[Ms BIU Santé no 2007, fo 199 vo | LAT | IMG]
Au très distingué M. Sebastian Scheffer, docteur en médecine, à Francfort.
Très distingué Monsieur, [a][1]
J’ai reçu vos dernières lettres qui m’ont merveilleusement fait revivre. J’ai remis celle que vous avez destinée au parent de votre épouse, [2][3] que je salue de tout cœur, et lui ai versé la somme que vous m’aviez indiquée ; mais il n’en a accepté que 18 livres tournois, six écus ; [1] il m’a laissé le restant à lui payer comptant une autre fois, ce que j’exécuterai fidèlement. Il m’a aussi promis de m’apporter une lettre où il vous en rendra compte.

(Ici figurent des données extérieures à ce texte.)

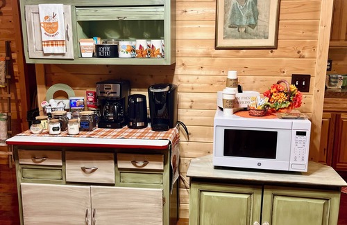 ★KITCHEN: Welcome to your home-away-from-home kitchen! Bring your favorite foods! This charming space, adorned with vintage decor and warm hickory cabinets, is ready for you to cook up a storm. Your fully appointed kitchen features small and large appliance.

Je connais très bien Sebastian Switzer, [4] c’est un homme très honnête et de grande confiance, il me remettra sans aucun doute tout ce qu’il recevra de Beyer. [5] Je loue la fidélité de l’un et salue l’autre, en le remerciant pour ses cadeaux, sans les avoir encore vus. [2] Je souhaite que vous parveniez rapidement à bout de la nouvelle édition du livre de Medicamentis officinalibus ; je ne doute pas que vous ayez reçu l’errata écrit de la main du très illustre auteur. [3][6][7] De toute cette année passée, je n’ai reçu [Ms BIU Santé no 2007, fo 200 ro | LAT | IMG] aucune de vos lettres par l’intermédiaire de M. Du Clos ; [8] je crains fort qu’elles ne se soient égarées.
Tel n’est heureusement pas le cas, car en voici une qui me parvient à l’instant même, et je vous en remercie. J’espère que les manuscrits du très distingué Hofmann, [9] de Humoribus, de Calido innato, etc., vous sont bien parvenus et qu’ils verront enfin le jour grâce à vous ; les imprimeurs d’ici sont en effet Gallico gelu frigidiores. [4][10][11][12] Je vous remercie beaucoup pour la lettre de M. Lotich que vous m’avez fait parvenir, [13] je le salue de tout cœur, et lui répondrai dès que j’en aurai le loisir et que ma maison, qui croule presque de vieillesse, aura fini d’être restaurée, et que je n’aurai plus affaire aux maçons et autres ouvriers de cette espèce. [5][14] Nous vivons de méchants jours et des temps fort cruels, à moins que deus aliquis, tanquam e machina, [6] ne vienne au secours de la France tout entière, car tout entière elle souffre cruellement : Italus ille nebulo purpuratus etiam mortuus adhuc imperat. Dii meliora ! [7][15] Vale, très distingué Monsieur, et continuez de m’aimer comme vous faites.
De Paris, le 4e de décembre 1665, jour même où, voici 23 ans, s’en est allé dans l’au-delà Armand Jean, cardinal de Richelieu, [16] qui n’a pas été meilleur que son successeur.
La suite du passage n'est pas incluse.